Test of a reactor-based digestion optimization model for nectar-eating rainbow lorikeets

We tested predictions of a chemical reactor model of digestion of glucose solutions by rainbow lorikeets (Trichoglossus haematodus, 125 g). The optimization criterion was the maximization of net energy gain. The predictions were that residence time in the small intestine would be inversely related to sugar concentration, and extraction efficiency would be inversely related to sugar concentration and generally below 90%. Residence time in the small intestine was indexed by the transit time (TT) of the nonabsorbed marker polyethylene glycol (molecular weight = 4,000), and extraction efficiency was measured by the inert indicator ratio technique. Birds were tested when ingesting 0.4 or 1.2 M D-glucose. All predictions were rejected: TT teas independent of concentration (average = 37 +/- 4 min, n = 7 birds), and extraction efficiency was uniformly very high (98.0% +/- 0.4%) and also not influenced by glucose concentration.
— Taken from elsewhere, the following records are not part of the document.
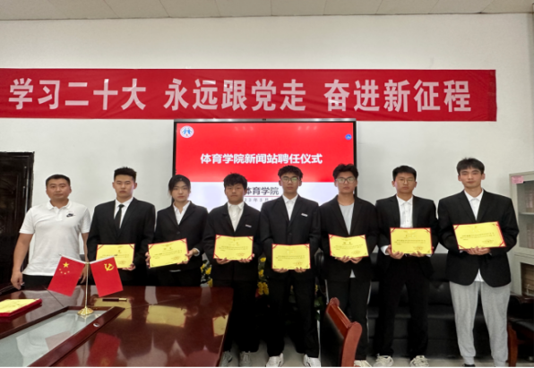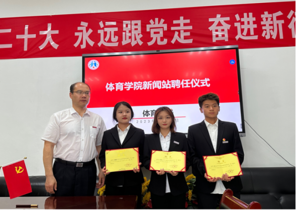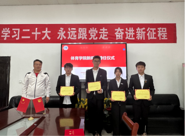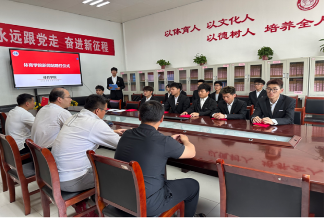 2023年5月15日中午12点半,在体育学院会议室隆重举行了体育学院新闻站成立大会暨聘书颁发大会。出席此次活动的领导有体育学院行政副院长、党支部书记马德厚,体育学院办公室主任刘毅,体育学院信息安全专员、学院网站管理员张战涛,体育学院大一年级辅导员丁景阳老师。
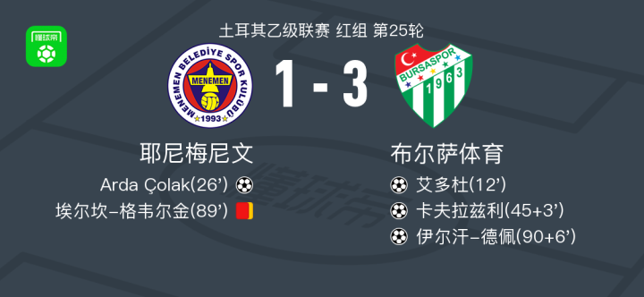 北京时间2月21日土耳其乙级联赛 红组 第25轮,耶尼梅尼文主场对阵布尔萨体育。耶尼梅尼文Arda Çolak破门。布尔萨体育艾多杜破门,卡夫拉兹利破门,伊尔汗-德佩破门。最终比分耶尼梅尼文 1-3 布尔萨体育。
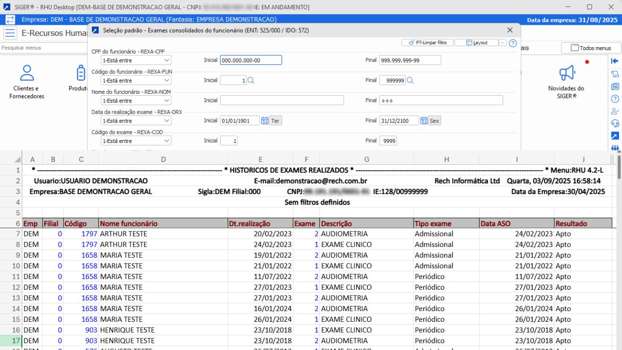 Facilite o controle de exames, atestados e laudos com um sistema prático e integrado. Desde o cadastro de tipos de exame até relatórios por vencimento, o módulo organiza todas as exigências legais da saúde ocupacional com flexibilidade e economia de tempo.
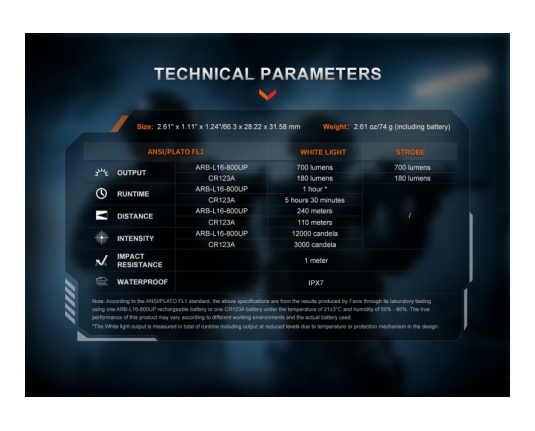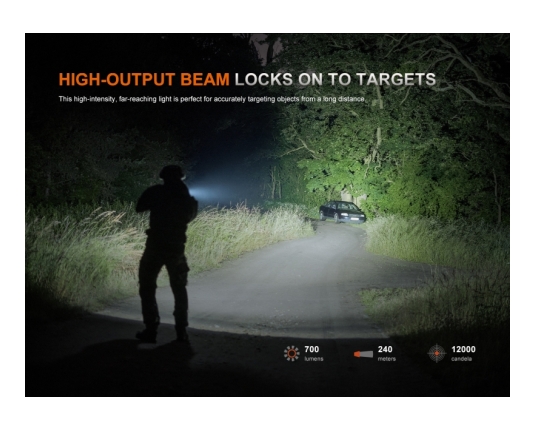 → 700 lumnov: vzdržljivost 1h; snop 240m
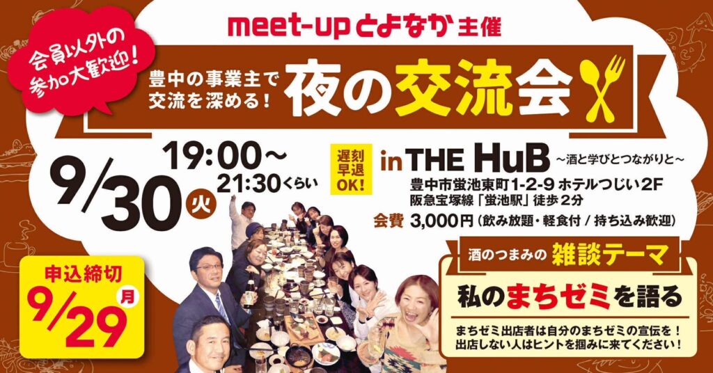 豊中市内事業者の任意団体「meet-upとよなか」主催の事業者交流会。今月のテーマは、10/20から始まるとよなかまちゼミで開催する「私のゼミを語る」。 豊中市内の事業者なら会員外でも参加可、ゆる~い会です。ご参加お待ちしております。 お申込みは下記... -
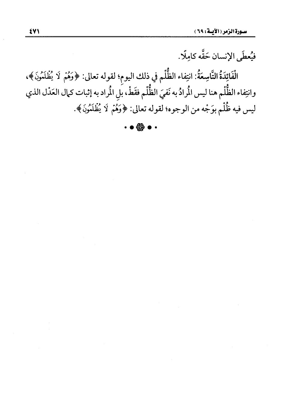 الْفَائِدَةُ التَّاسِعَةُ: انتِفاء الظُّلْم في ذلك اليومِ؛ لقوله تعالى: {وَهُمْ لَا يُظْلَمُونَ}، وانتِفاء الظُّلْم هنا ليس المُرادُ به نَفيَ الظُّلْم فقَطْ، بلِ المُراد به إثبات كمال العَدْل الذي ليس فيه ظُلْم بوَجْه من الوجوه؛ لقوله تعالى: {وَهُمْ لَا يُظْلَمُونَ}.
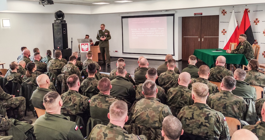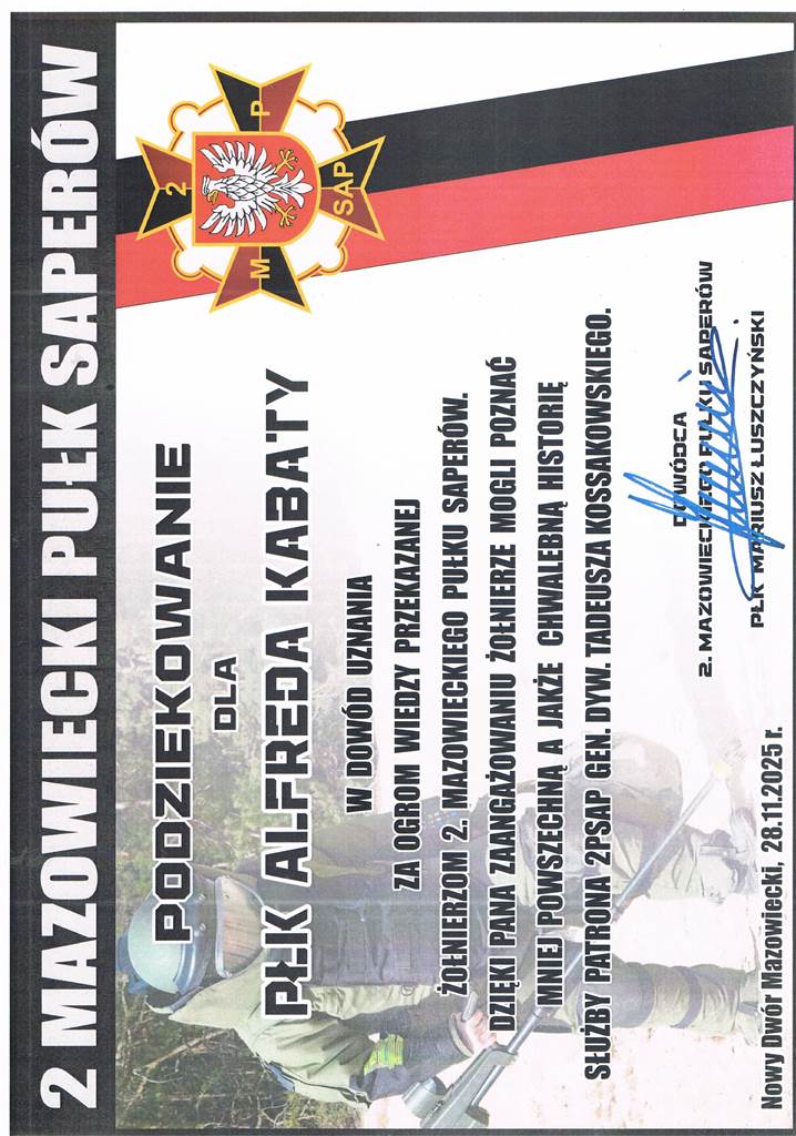 Po zakończeniu prelekcji płk Mariusz Łuszczyński podziękował za ciekawy wykład i przekazał na ręce płk. Alfreda Kabaty okolicznościowy dyplom, w którym napisał: „W dowód uznania za ogrom wiedzy przekazanej żołnierzom 2. Mazowieckiego pułku saperów. Dzięki Pana zaangażowaniu żołnierze mogli poznać mniej powszechną, a jakże chwalebną historię służby patrona 2psap gen. dyw. Tadeusza Kossakowskiego”.
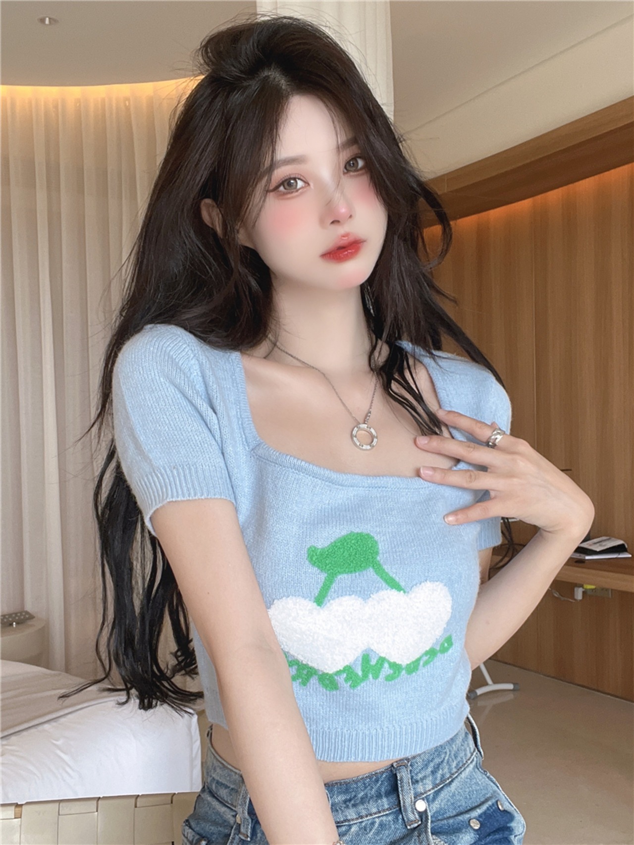 ショートTシャツ サマースタイルカラースリムニットトップス レッド 刺繍 夏物 スクウェア 10/5 秋冬 オータム ウインター ナチュラル mi4611531118980
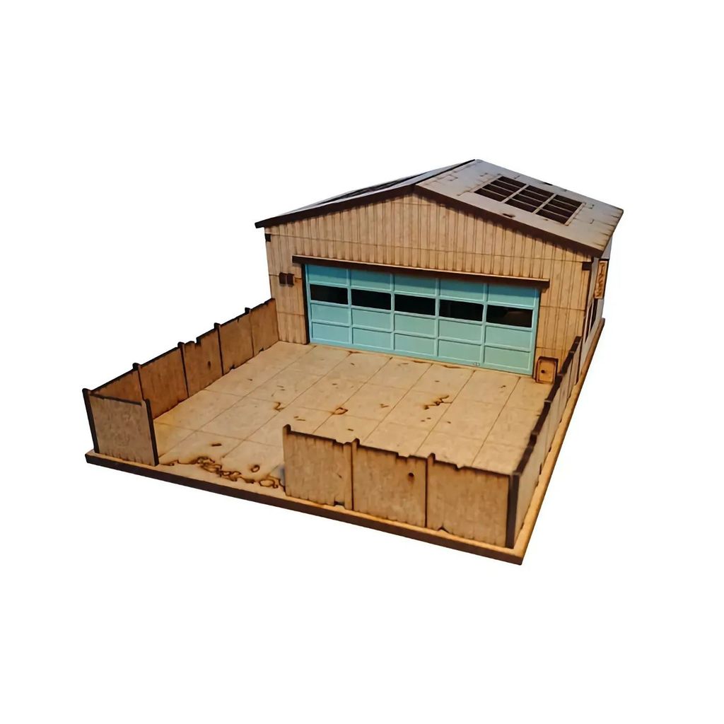 Modellens 43 delar är omålade delar i MDF (pressade och limmade träfibrer) utskurna med laser. Delarna är 2 respektive 3 millimeter tjocka och sätts ihop utan lim. Det rekommenderas dock lim på ett ställe i instruktionen så ett par klickar är aldrig fel. Garageporten är i kartong.

At low and high sugar concentration the rates of glucose absorption were similar (average = 4 mmol/h). Extraction efficiency of sucrose solution at one concentration, 1.2 M, was 90.5% +/- 1.0% (n = 6). Stomach-emptying rate appeared slower at high glucose concentration, perhaps owing to negative feedback arising from intestinal receptors. Total (mouth-to-anus) mean retention time was independent of glucose concentration and averaged 88 +/- 12 min. Because the birds were not growing, storing fat, or reproducing, perhaps the assumption about energy maximization was inappropriate. The birds' responses were consistent with the goal of minimizing feeding time.